To perform global alarm operations, access the alarm elements via the relay ladder instructions. For example, assign a BOOL tag DisableToolA to all the ProgDisable fields on the alarm relay ladder faceplates in ToolA. Then use the DisableToolA tag to disable the operation of all the alarms that use this tag.

IMPORTANT

If you assign a tag to the ProgAck, ProgReset, ProgDisable, or ProgEnable functions on the alarm faceplate, do not use the alarm structure elements in the alarm data type to perform the same functions. For example, if you assign DisableToolA to disable an alarm MyDigitalAlarm, you should no longer programmatically access MyDigitalAlarm.ProgDisable. Doing so can cause a condition where the faceplate requests one operation and the alarm tag requests another.

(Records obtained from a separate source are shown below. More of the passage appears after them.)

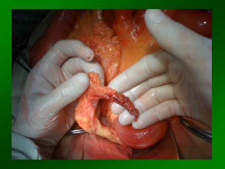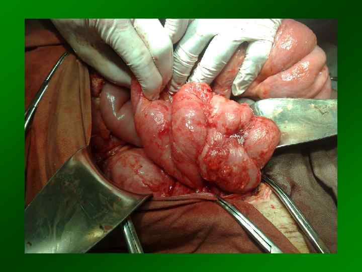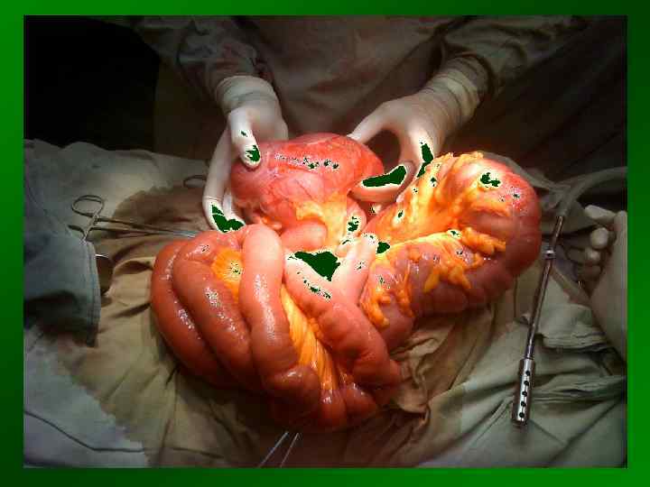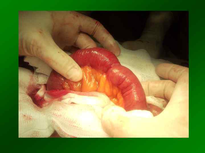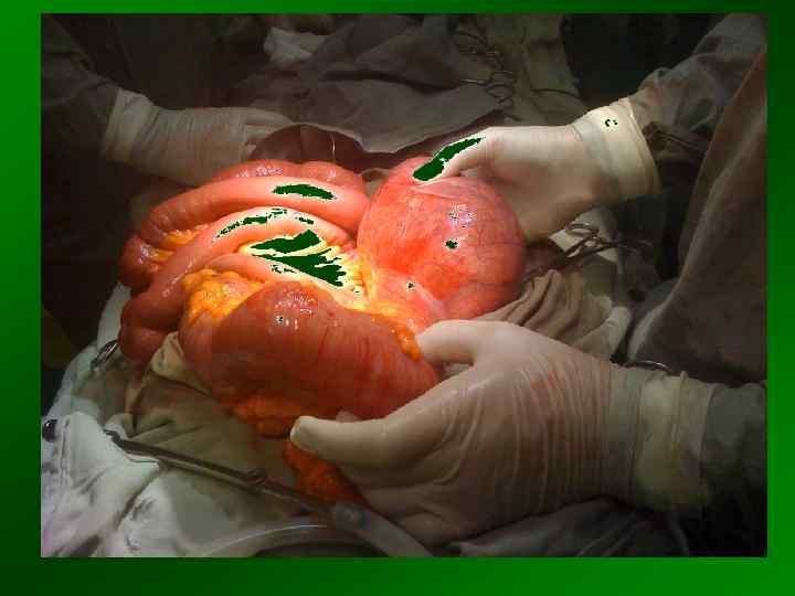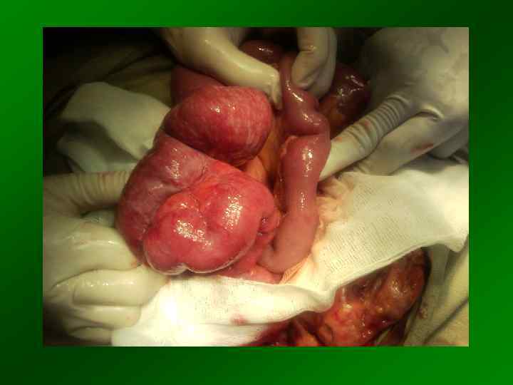 ЗАВОРОТ ТОНКОЙ КИШКИ Клиническая картина заворота отличается особой тяжестью и зависит от количества завернувшихся петель кишки. Тактика: развернуть заворот, определить жизнеспособность стенки кишки, резецировать нежизнеспособный участок кишки. Заворот илеоцекального отдела кишечника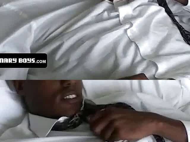 Black horny hunk fucks white boy's ass then they jerk off side by side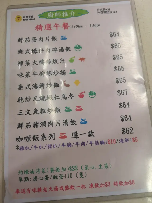南豐餐廳:九龍灣宏光道80號麗晶商場地下G1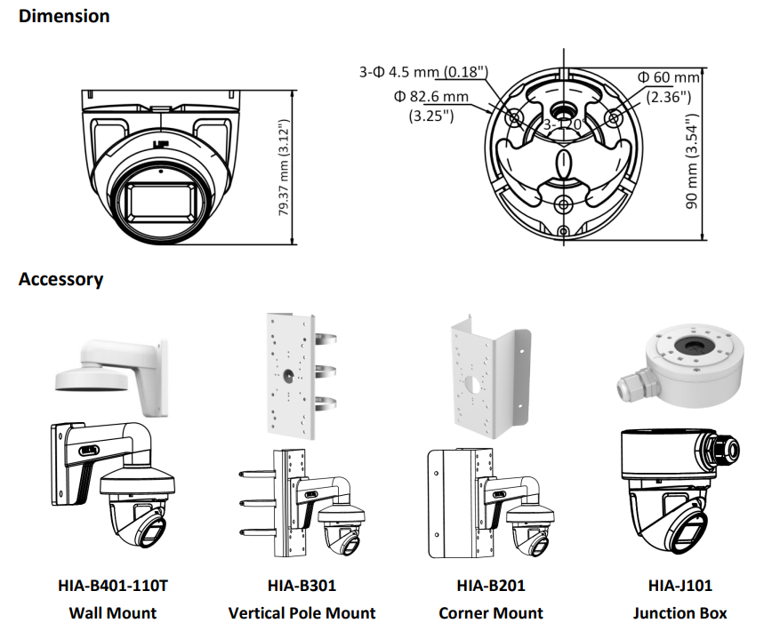 | Angle Adjustment | Pan: 0 to 360°, Tilt: 0 to 75°, Rotation: 0 to 360° |

If you want to use the alarm structure elements to programmatically change the alarming system, assign those elements to a faceplate. For example, on the alarm faceplate for ProgDisable, assign the tag from that alarm’s structure tag MyAlarmTag.ProgDisable. This lets you programmatically access MyAlarmsTag.ProgDisable in other code locations without conflict.

At the HMI and in the event log, any controller-driven events, either through the alarm structure or the alarm dialog, are logged in the historical database as Discrete Events. This includes any HMI interface that also accesses this same information via the operator elements (.OPERxxx). So while timestamps and events are tracked in the log, the log does not include identification of what caused the event. For example, an operator and workstation in this scenario is not tracked because they did not take action via a FactoryTalk alarm graphic object.